Maria Montessori: A Brief BiographyMaria Montessori

"One becomes a well balanced adult only if one has fully been a child"

- Dr. Maria Montessori

Maria Montessori was, in many ways, ahead of her time. Born in the town of Chiaravalle, in the province of Ancona, Italy, in 1870, she became the first female physician in Italy upon her graduation from medical school in 1896. Shortly afterwards, she was chosen to represent Italy at two different women's conferences, in Berlin in 1896 and in London in 1900.

In her medical practice, her clinical observations led her to analyze how children learn, and she concluded that they build themselves from what they find in their environment. Shifting her focus from the body to the mind, she returned to the university in 1901, this time to study psychology and philosophy. In 1904, she was made a professor of anthropology at the University of Rome.
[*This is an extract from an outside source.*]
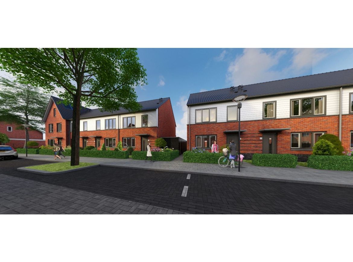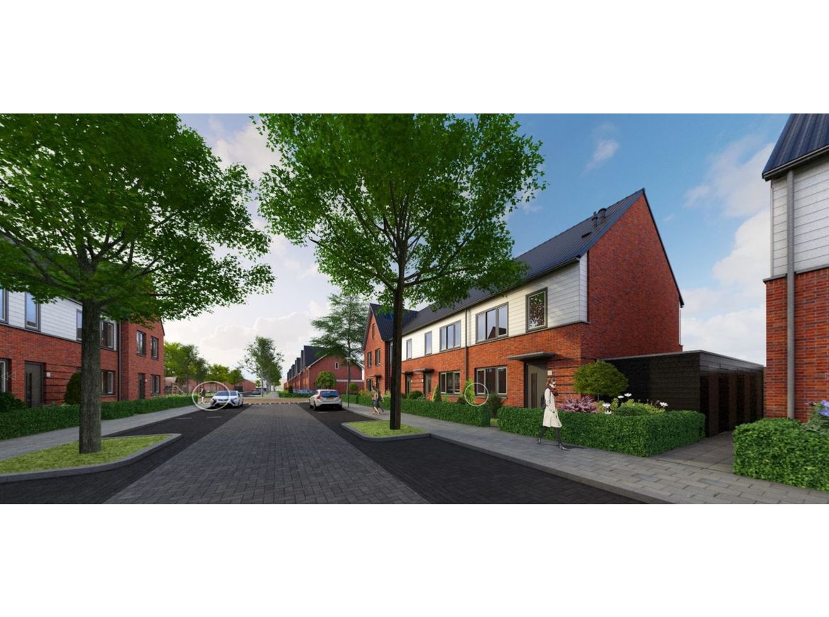 Voor Verwelius hebben we hier in totaal 100 woningen ontworpen die in twee fasen worden gebouwd. In de eerste fase zijn 6 woningen Nul-op-de-Meter-woningen voor de woningbouwcorporatie Meerwonen.

Her desire to help children was so strong, however, that in 1906 she gave up both her university chair and her medical practice to work with a group of sixty young children of working parents in the San Lorenzo district of Rome. It was there that she founded the first Casa dei Bambini, or "Children's House." What ultimately became the Montessori method of education developed there, based upon Montessori's scientific observations of these children's almost effortless ability to absorb knowledge from their surroundings, as well as their tireless interest in manipulating materials. Every piece of equipment, every exercise, every method Montessori developed was based on what she observed children to do "naturally," by themselves, unassisted by adults.

Children teach themselves. This simple but profound truth inspired Montessori's lifelong pursuit of educational reform, methodology, psychology, teaching, and teacher training--all based on her dedication to furthering the self-creating process of the child.
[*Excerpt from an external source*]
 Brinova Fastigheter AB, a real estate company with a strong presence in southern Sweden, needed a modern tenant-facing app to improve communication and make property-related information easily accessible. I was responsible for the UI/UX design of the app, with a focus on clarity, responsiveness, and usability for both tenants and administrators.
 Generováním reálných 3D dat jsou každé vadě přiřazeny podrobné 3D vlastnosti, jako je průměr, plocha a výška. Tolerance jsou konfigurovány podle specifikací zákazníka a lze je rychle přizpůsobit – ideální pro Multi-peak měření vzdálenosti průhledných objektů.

Maria Montessori made her first visit to the United States in 1913, the same year that Alexander Graham Bell and his wife Mabel founded the Montessori Educational Association at their Washington, DC, home. Among her other strong American supporters were Thomas Edison and Helen Keller.

In 1915, she attracted world attention with her "glass house" schoolroom exhibit at the Panama-Pacific International Exhibition in San Francisco. On this second U.S. visit, she also conducted a teacher training course and addressed the annual conventions of both the National Education Association and the International Kindergarten Union. The committee that brought her to San Francisco included Margaret Wilson, the daughter of U.S. President Woodrow Wilson.

Maria Montessori in 1939

The Spanish government invited her to open a research institute in 1917. In 1919, she began a series of teacher training courses in London. In 1922, she was appointed a government inspector of schools in her native Italy, but because of her opposition to Mussolini's fascism, she was forced to leave Italy in 1934. She traveled to Barcelona, Spain, and was rescued there by a British cruiser in 1936, during the Spanish Civil War. She opened the Montessori Training Centre in Laren, Netherlands, in 1938, and founded a series of teacher training courses in India in 1939.
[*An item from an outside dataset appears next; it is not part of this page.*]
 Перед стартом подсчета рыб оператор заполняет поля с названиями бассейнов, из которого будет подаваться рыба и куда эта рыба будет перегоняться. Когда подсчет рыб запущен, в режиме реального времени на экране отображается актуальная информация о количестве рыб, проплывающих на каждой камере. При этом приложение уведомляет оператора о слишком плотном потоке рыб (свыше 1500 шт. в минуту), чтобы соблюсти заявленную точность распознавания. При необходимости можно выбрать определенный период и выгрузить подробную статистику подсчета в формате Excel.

In 1940, when India entered World War II, she and her son, Mario Montessori, were interned as enemy aliens, but she was still permitted to conduct training courses. Later, she founded the Montessori Center in London (1947). She was nominated for the Nobel Peace Prize three times--in 1949, 1950, and 1951.

Maria Montessori in 1952

Maria Montessori died in Noordwijk, Holland, in 1952, but her work lives on through the Association Montessori Internationale (AMI), the organization she founded in Amsterdam, Netherlands, in 1929 to carry on her work.